• TO DO: Copy out the data below from the line containing "老北京布鞋中老年春秋男士休闲透气爸爸时尚牛筋底防滑平底老人鞋" to the line containing "[서울=뉴시스] 홍효식 기자", both lines included, with all images left out.
(MATERIAL PROVIDED begins)
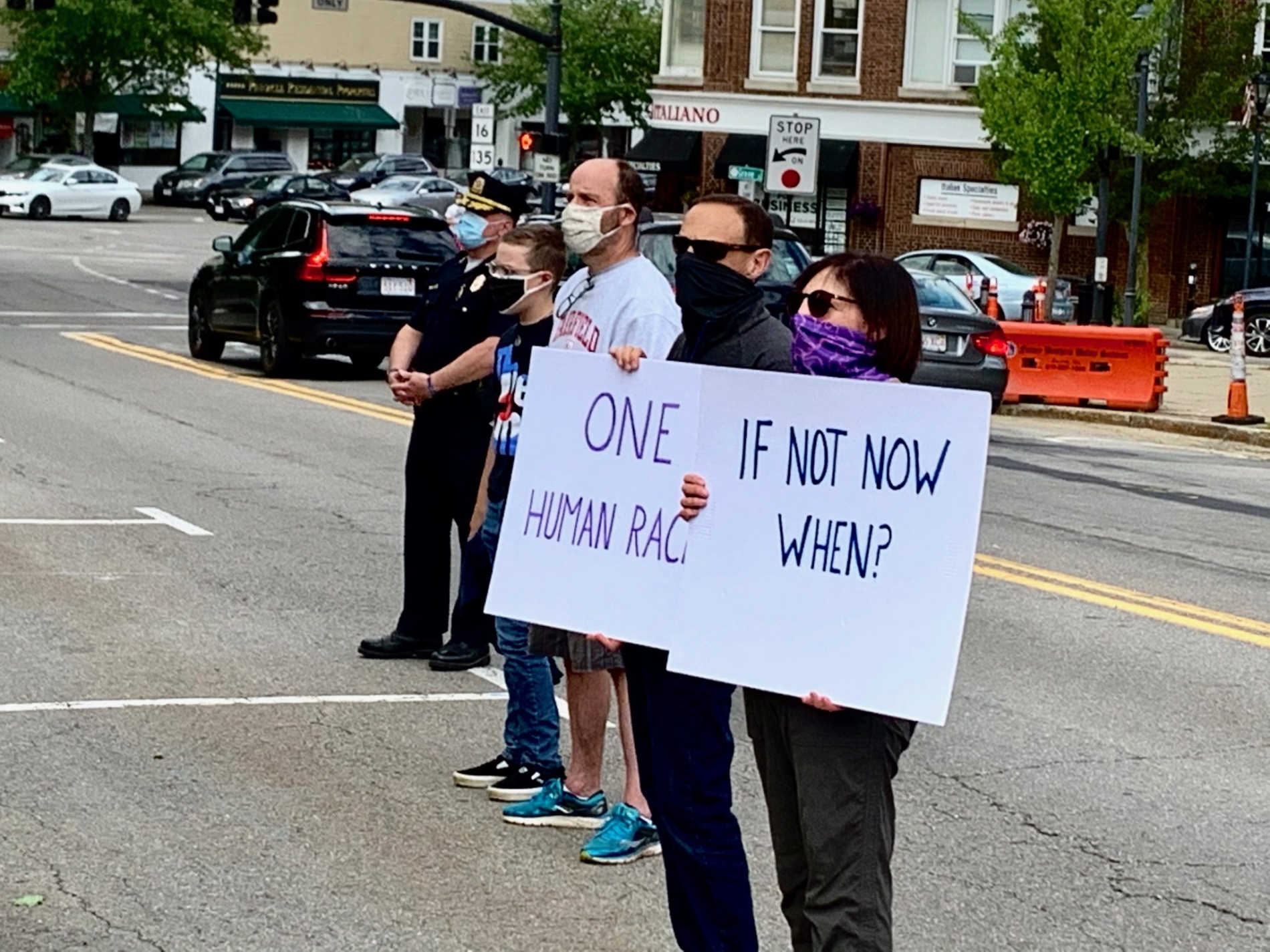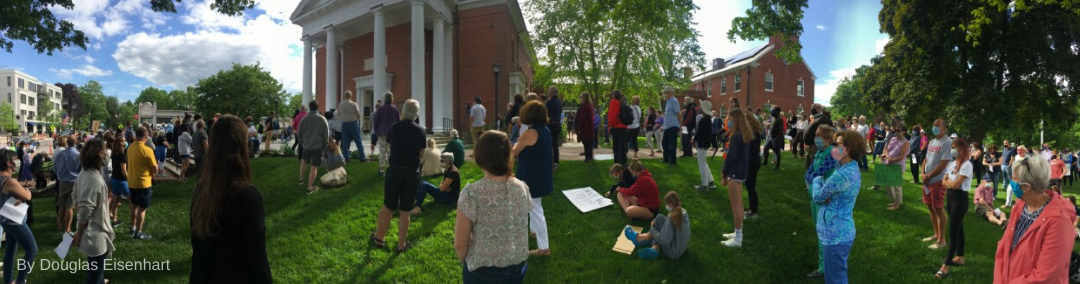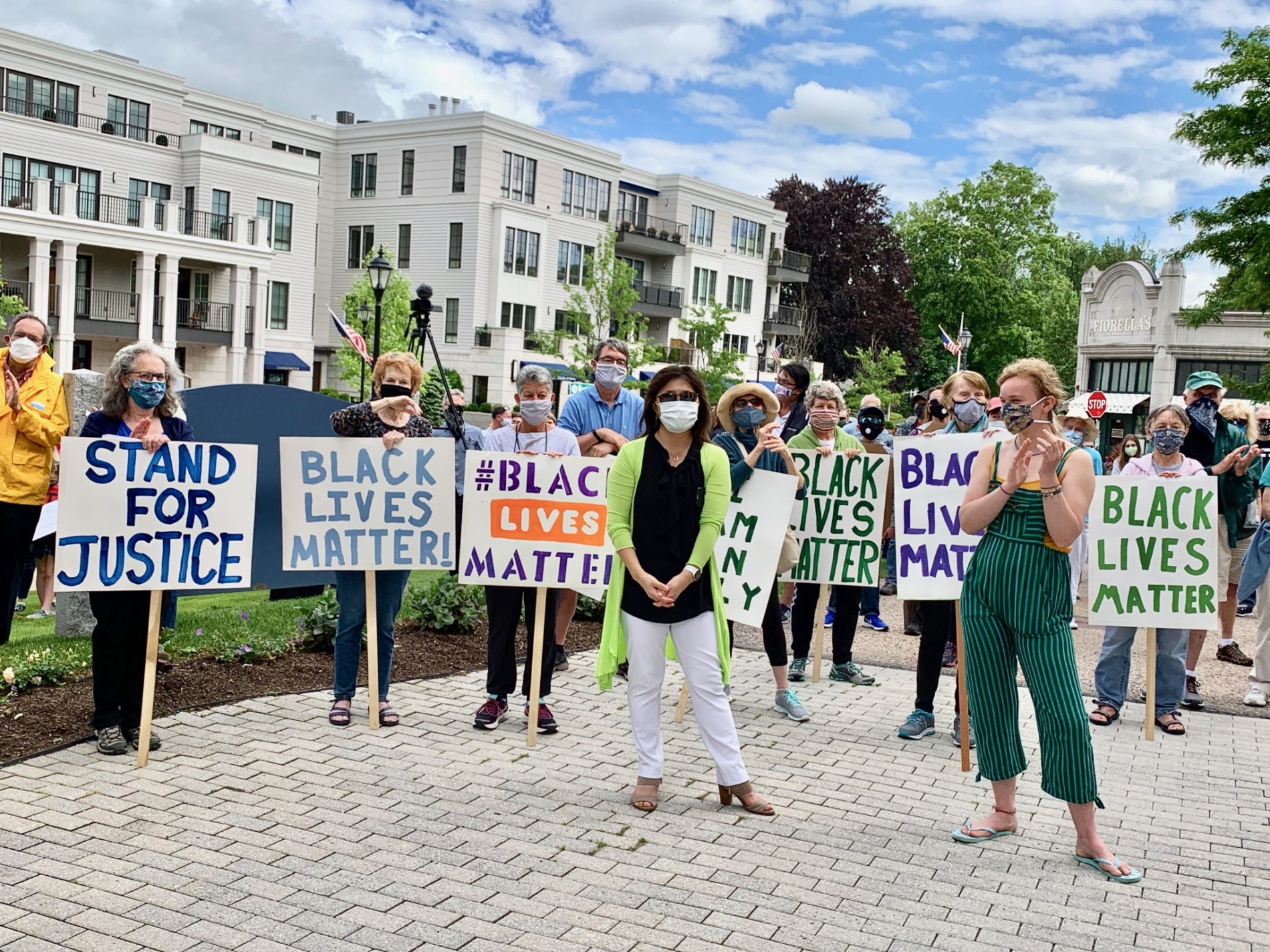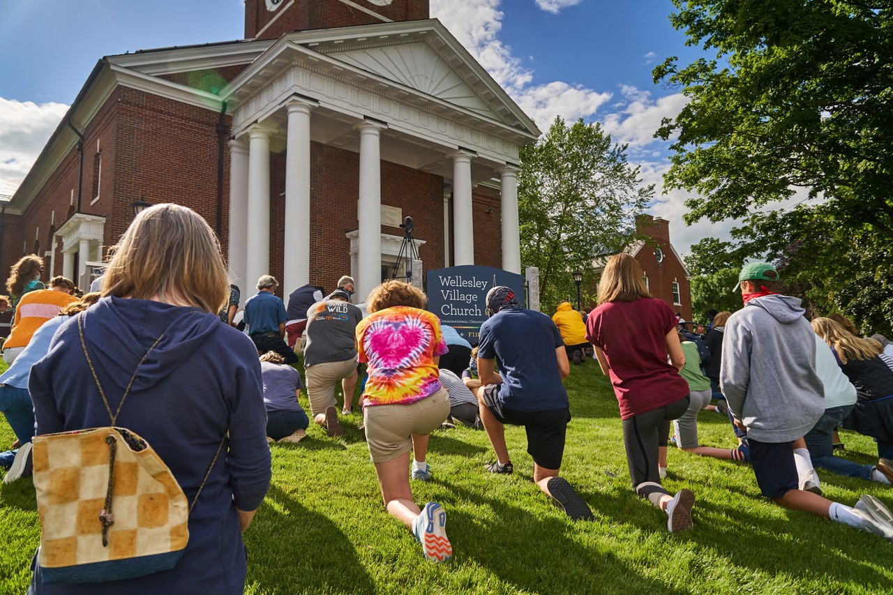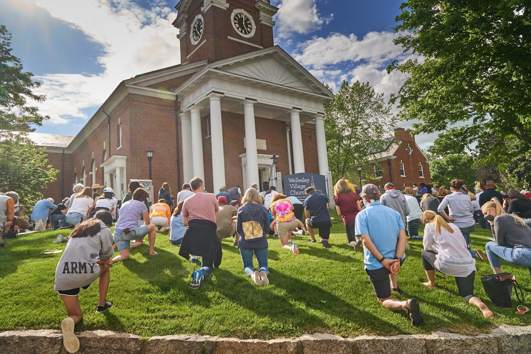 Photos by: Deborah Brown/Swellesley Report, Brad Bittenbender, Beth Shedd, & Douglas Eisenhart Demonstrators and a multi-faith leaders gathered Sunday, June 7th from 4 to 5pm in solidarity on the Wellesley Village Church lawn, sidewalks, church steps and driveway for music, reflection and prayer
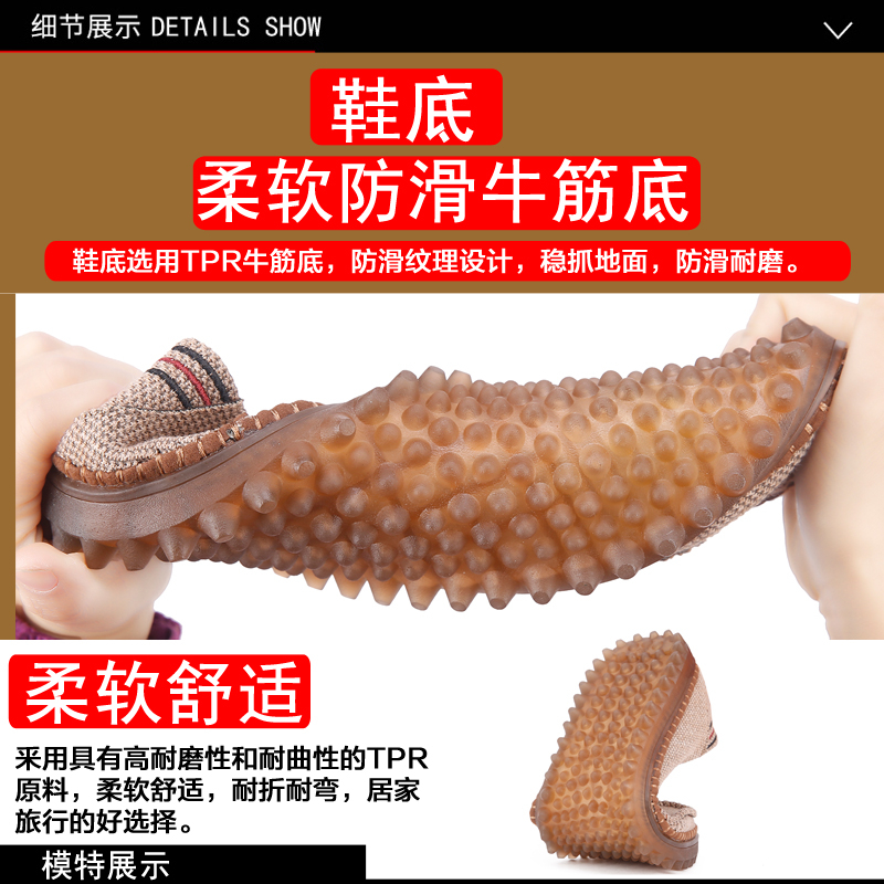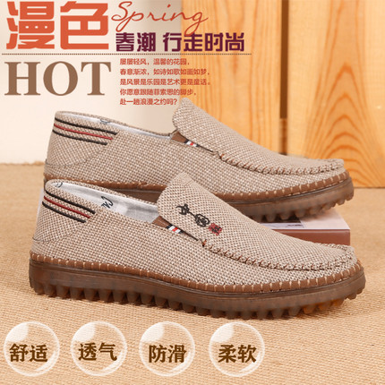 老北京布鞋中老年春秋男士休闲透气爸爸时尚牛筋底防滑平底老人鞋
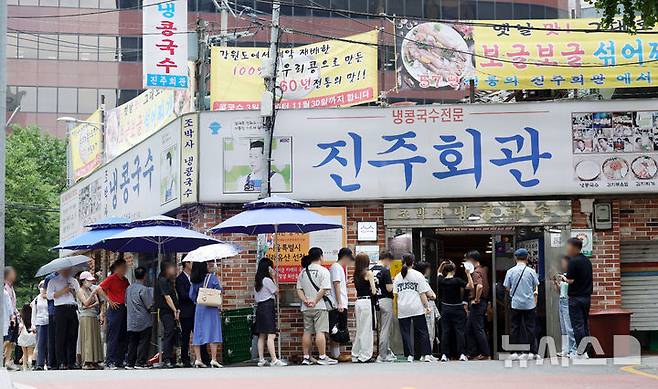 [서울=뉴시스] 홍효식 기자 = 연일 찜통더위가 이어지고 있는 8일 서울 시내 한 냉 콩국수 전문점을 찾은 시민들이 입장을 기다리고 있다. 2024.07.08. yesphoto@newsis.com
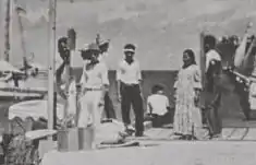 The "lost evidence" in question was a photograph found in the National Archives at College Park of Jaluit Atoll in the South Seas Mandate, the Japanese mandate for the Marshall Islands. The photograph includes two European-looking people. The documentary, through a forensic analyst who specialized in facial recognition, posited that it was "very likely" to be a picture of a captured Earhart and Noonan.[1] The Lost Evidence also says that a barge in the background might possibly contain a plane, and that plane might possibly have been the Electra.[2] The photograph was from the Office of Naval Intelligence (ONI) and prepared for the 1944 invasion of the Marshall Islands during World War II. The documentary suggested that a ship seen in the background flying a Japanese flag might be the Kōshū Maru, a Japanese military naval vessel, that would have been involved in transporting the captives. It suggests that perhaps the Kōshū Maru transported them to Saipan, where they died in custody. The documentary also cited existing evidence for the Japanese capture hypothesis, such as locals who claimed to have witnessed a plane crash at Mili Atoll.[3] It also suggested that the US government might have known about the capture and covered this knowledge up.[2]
(MATERIAL PROVIDED ends)
• ANSWER AREA:
 老北京布鞋中老年春秋男士休闲透气爸爸时尚牛筋底防滑平底老人鞋
 [서울=뉴시스] 홍효식 기자 = 연일 찜통더위가 이어지고 있는 8일 서울 시내 한 냉 콩국수 전문점을 찾은 시민들이 입장을 기다리고 있다. 2024.07.08. yesphoto@newsis.com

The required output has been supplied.